[OPE-L:4484] wrong question, wrong answer

From: Rakesh Narpat Bhandari (rakeshb@Stanford.EDU)
Date: Thu Nov 09 2000 - 01:52:11 EST


What is the question to be asked as we reach Capital 3, pp.264-65 (Vintage)?

The economists, radical, Marxist and neo classical alike ask: Can a 
"value scheme" be transformed into a complete "price of production 
scheme", inputs and outputs included, while stipulating three 
invariance conditions:  total value=total price, the value rate of 
profit=the price rate of profit and the sum of surplus value=the 
price sum of profits?

Or

Marx himself asked: How would the modification of cost price upon the 
transformation of the inputs from simple money prices to prices of 
production change the available mass of surplus value which is 
distributed in the form of a uniform rate of profit   and thus compel 
correction of the initial determination of the output prices of 
production in terms of a profit rate now calculated on the basis of 
the modified sum of surplus/ the modified cost prices?

As I have argued, the first question could never have been formulated 
by Marx: Marx would not have thought that one can keep total value or 
price (its monetary  expression) as a fixed magnitude and change 
costs by "transforming the inputs" without changing surplus value in 
the opposite direction.

  That the upward modification of cost prices yielded by the 
Bortkiewicz-Sweezy transformation of the inputs implies that the mass 
of surplus value has to be reduced, i.e., not remain invariant, is 
exactly what the labor theory of value implies.

After all, the reduction in the mass of surplus value only means 
capitalists cannot escape the pressure of increased costs (here 
brought about a change in the prices of the inputs in the "complete" 
transformation examples ) simply by adding on to these upwardly 
modified cost prices the old mass of surplus value and having final 
prices thus rise even as the value of that output does not itself 
rise.

If this were possible,  then capitalism would truly not be 
characterized by class conflict.

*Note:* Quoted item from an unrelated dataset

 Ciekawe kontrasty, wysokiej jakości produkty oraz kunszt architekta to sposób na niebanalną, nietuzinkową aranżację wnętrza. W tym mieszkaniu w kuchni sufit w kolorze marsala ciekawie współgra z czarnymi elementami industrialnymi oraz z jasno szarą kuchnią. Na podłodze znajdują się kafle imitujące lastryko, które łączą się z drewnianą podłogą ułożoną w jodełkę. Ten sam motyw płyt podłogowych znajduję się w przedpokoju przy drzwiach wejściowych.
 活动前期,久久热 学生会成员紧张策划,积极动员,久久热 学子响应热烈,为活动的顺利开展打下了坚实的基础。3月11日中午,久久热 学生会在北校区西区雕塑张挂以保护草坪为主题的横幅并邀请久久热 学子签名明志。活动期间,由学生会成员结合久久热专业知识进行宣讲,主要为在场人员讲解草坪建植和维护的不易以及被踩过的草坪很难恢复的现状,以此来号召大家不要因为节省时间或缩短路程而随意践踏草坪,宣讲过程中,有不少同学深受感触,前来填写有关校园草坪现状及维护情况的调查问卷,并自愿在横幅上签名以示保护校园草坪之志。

Smith would be correct and Ricardo 
wrong, and Marx would have been wrong to sniff around in Ricardo's 
system for a correct theory of surplus value and class conflict.

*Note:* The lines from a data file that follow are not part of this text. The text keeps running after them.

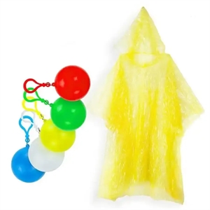 Be prepared for unexpected weather with our emergency disposable raincoat. Lightweight and durable, it's conveniently packed in a twist-open portable plastic ball with a clip-on keychain for easy travel. Stay dry and comfortable in the rain with this waterproof essential.
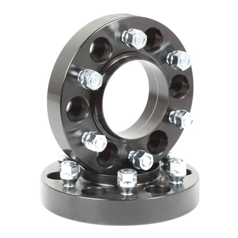Wheel Spacer Kit, Black, 1.25 Inch; 06-17 Ford Ranger Need to move your wheels out for a little extra space? This set of black hub-centric 1.25-inch wheel spacers from Rugged Ridge has a 6 x139.7 mm bolt pattern and 93 mm center bore. The hub-centric construction ensures the wheel is precisely centered on the axle, minimizing stress on wheel studs, and eliminating the added road vibration common with non-hub-centric designs. Installing these spacers will help fit wider tires, giving your Jeep a wider track and improved stability. Constructed of double-anodized, extra-thick, 6061-T6 aluminum for long life and extra corrosion resistance. All hardware is grade-8 for extra strength.
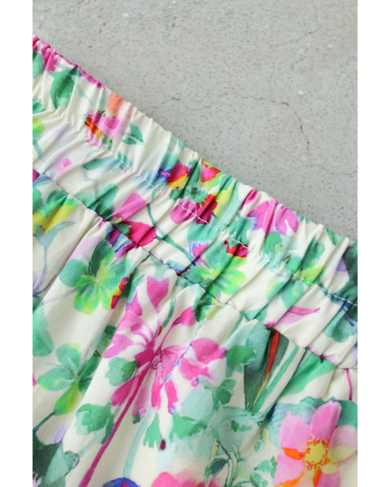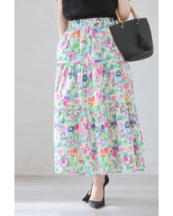 色とりどりの水彩花ティアードミディアムスカート

Only if capitalists could deal with upwardly modified cost prices in 
the manner these "solutions" do! Raising total price until the mass 
of surplus value remains the same despite rising costs! Indeed...

The central question of technical Marxist economics for the last one 
hundred years is not even one which can  be formulated out of Marx's 
own theory, properly understood.

The idea that the first question is  Marx's own arises out of 
"experts" reading commentary on Sweezy's reading of Bortkiewicz, 
instead of reading Marx.

The reign of error has to come to an end.